PDF(Pubmed)
Abstract:
Hemifacial microsomia (HFM) is a rare congenital genetic syndrome primarily affecting the first and second pharyngeal arches, leading to defects in the mandible, external ear, and middle ear. The pathogenic genes remain largely unidentified. Whole-exome sequencing (WES) was conducted on 12 HFM probands and their unaffected biological parents. Predictive structural analysis of the target gene was conducted using PSIPRED (v3.3) and SWISS-MODEL, while STRING facilitated protein-to-protein interaction predictions. CRISPR/Cas9 was applied for gene knockout in zebrafish. In situ hybridization (ISH) was employed to examine the spatiotemporal expression of the target gene and neural crest cell (NCC) markers. Immunofluorescence with PH3 and TUNEL assays were used to assess cell proliferation and apoptosis. RNA sequencing was performed on mutant and control embryos, with rescue experiments involving target mRNA injections and specific gene knockouts.

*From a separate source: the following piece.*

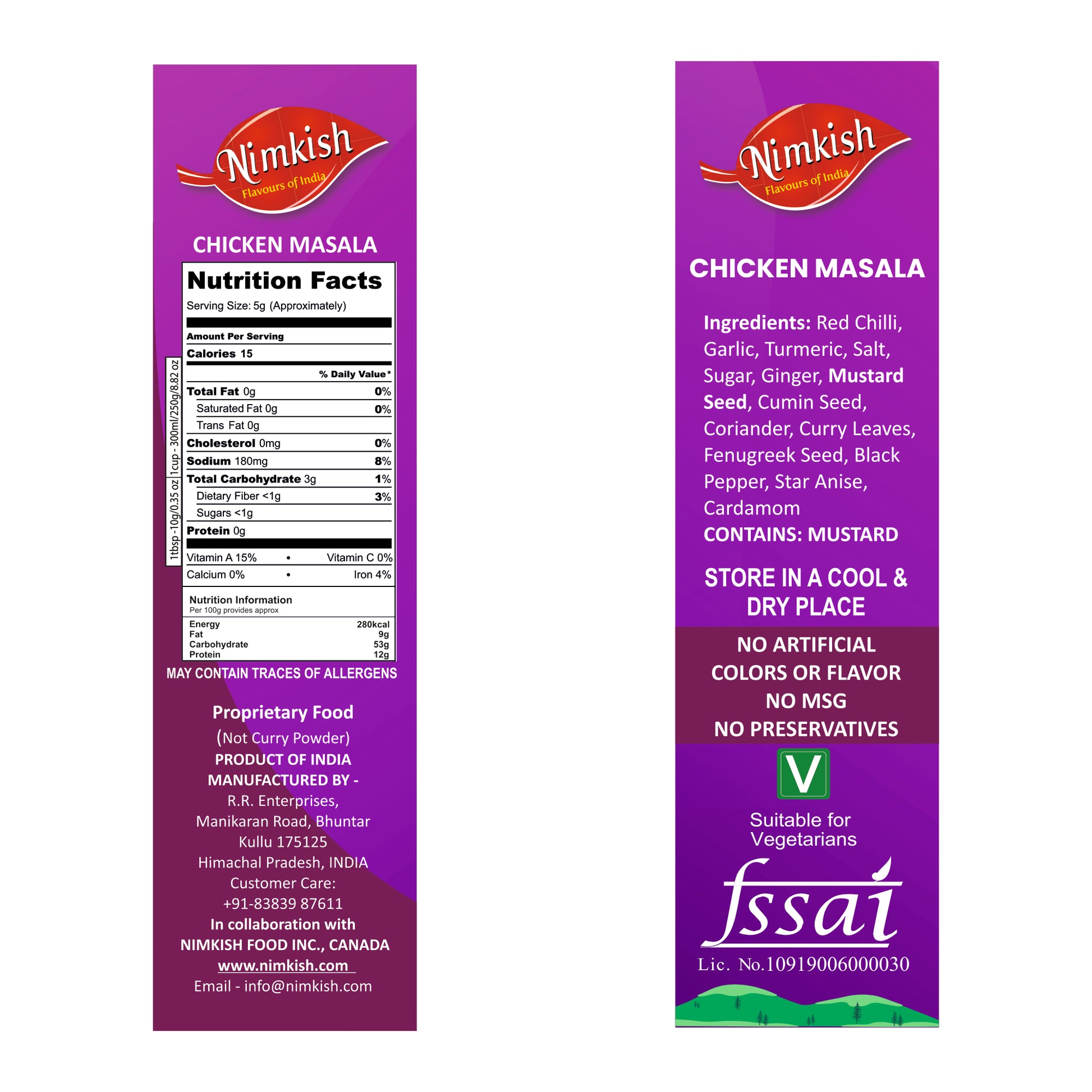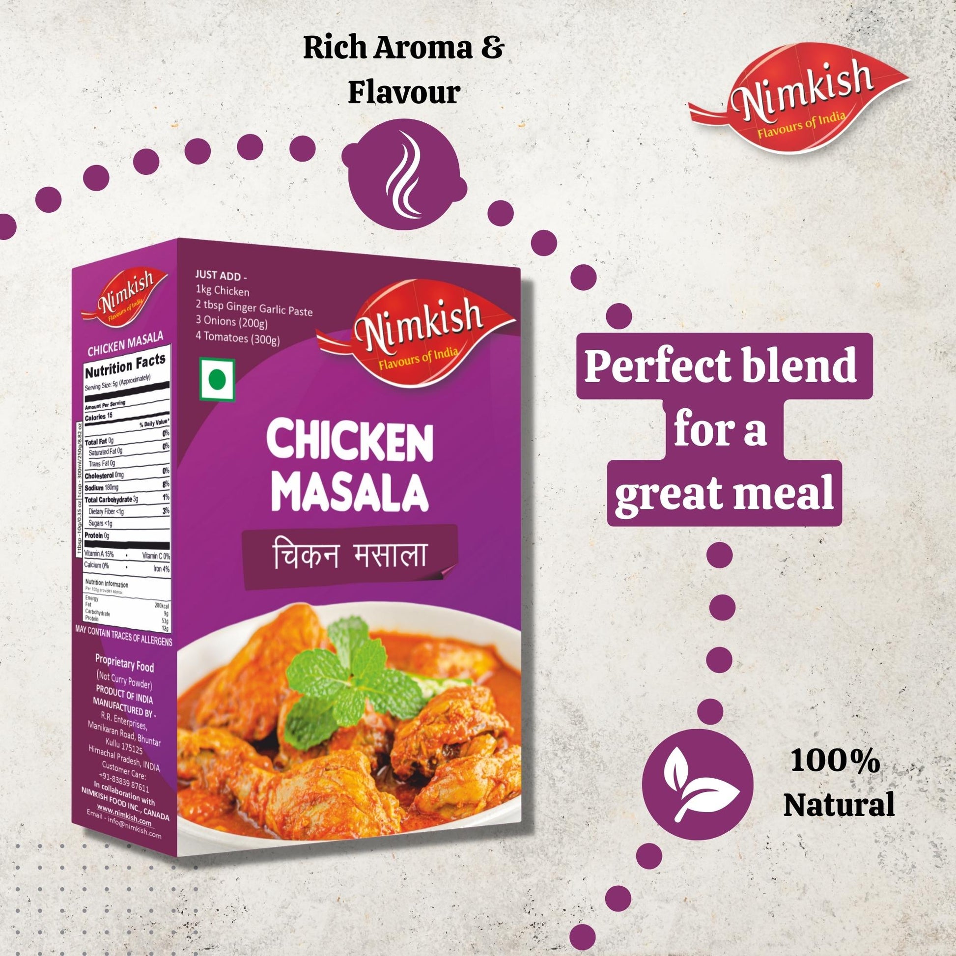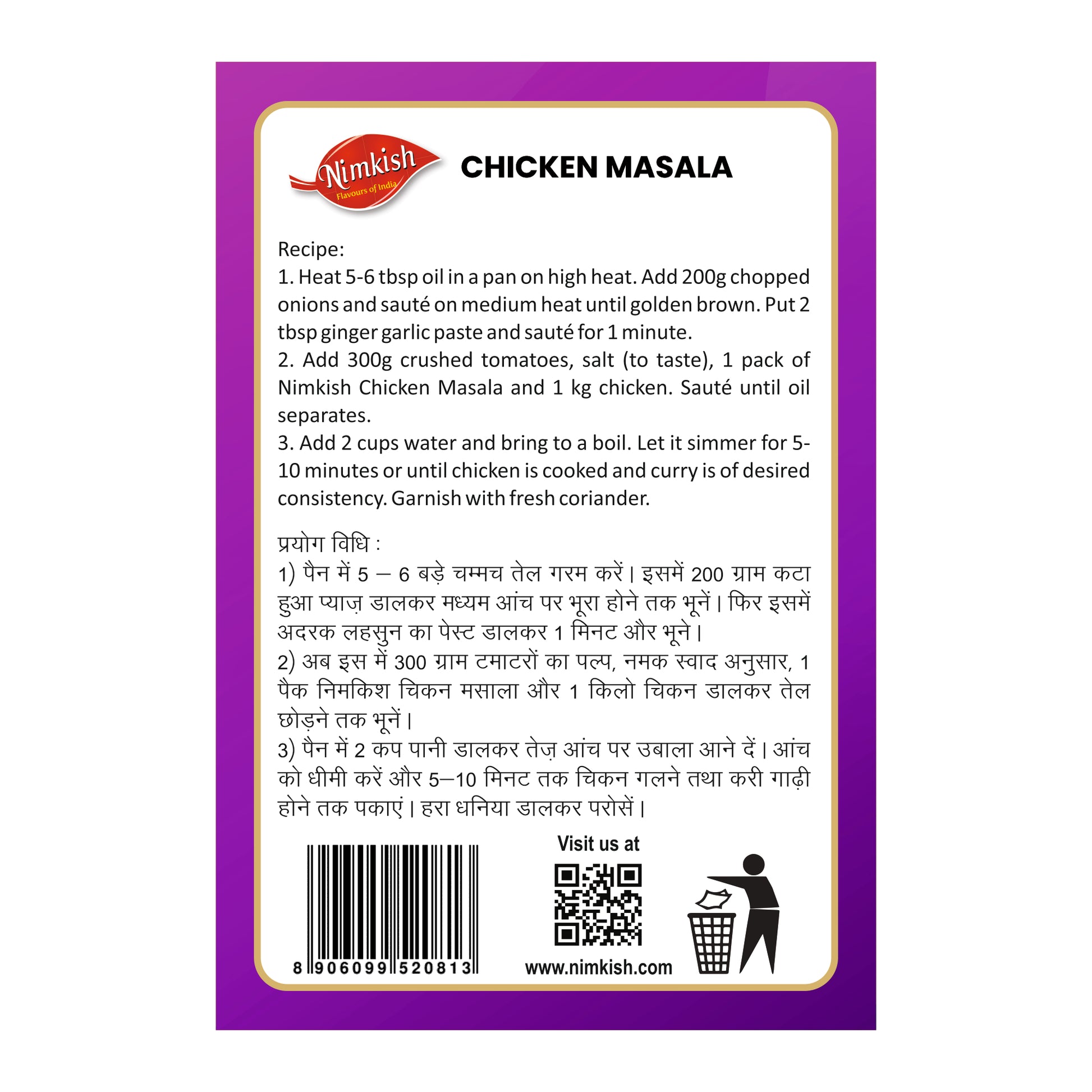 Nimkish Chicken Masala is a perfect blend of spices as a base for a variety of chicken dishes. Each pack contains aromatic masala that is perfect for recipes such as Chicken Tikka Masala, Butter Chicken, Rara Chicken, Chicken Vindaloo and more. Enjoy a flavorful meal with authentic, Indian-style taste.

CDC27 was identified as a novel candidate gene for HFM, with four nonsynonymous de novo variants detected in three unrelated probands. Structural predictions indicated significant alterations in the secondary and tertiary structures of CDC27. cdc27 knockout in zebrafish resulted in craniofacial malformation, spine deformity, and cardiac edema, mirroring typical HFM phenotypes. Abnormalities in somatic cell apoptosis, reduced NCC proliferation in pharyngeal arches, and chondrocyte differentiation issues were observed in cdc27-/- mutants. cdc27 mRNA injections and cdkn1a or tp53 knockout significantly rescued pharyngeal arch cartilage dysplasia, while sox9a mRNA administration partially restored the defective phenotypes. Our findings suggest a functional link between CDC27 and HFM, primarily through the inhibition of CNCC proliferation and disruption of pharyngeal chondrocyte differentiation.
摘要:
HFM是一种罕见的先天性遗传综合征,主要影响第一和第二咽弓,导致下颌骨缺损,外耳,中耳。致病基因在很大程度上仍未被识别。对12个HFM先证者及其未受影响的生物亲本进行全外显子组测序(WES)。使用PSIPRED(v3.3)和SWISS-MODEL对靶基因进行了预测性结构分析,而STRING促进了蛋白质与蛋白质相互作用的预测。CRISPR/Cas9用于斑马鱼的基因敲除。采用原位杂交(ISH)检查靶基因和神经c细胞(NCC)标记的时空表达。使用PH3和TUNEL测定的免疫荧光来评估细胞增殖和凋亡。对突变和对照胚胎进行RNA测序,包括靶mRNA注射和特异性基因敲除的拯救实验。CDC27被鉴定为HFM的新候选基因,在三个不相关的先证中检测到四个非同义从头变异。结构预测表明CDC27的二级和三级结构发生了显着变化。斑马鱼cdc27基因敲除导致颅面畸形,脊柱畸形,心脏水肿,反映典型的HFM表型。体细胞凋亡异常,减少咽弓的NCC增殖,在cdc27-/-突变体中观察到软骨细胞分化问题。cdc27mRNA注射和cdkn1a或tp53基因敲除可显着挽救咽弓软骨发育不良,而sox9amRNA的给药部分恢复了有缺陷的表型。我们的研究结果表明CDC27和HFM之间存在功能联系,主要通过抑制CNCC增殖和破坏咽软骨细胞分化。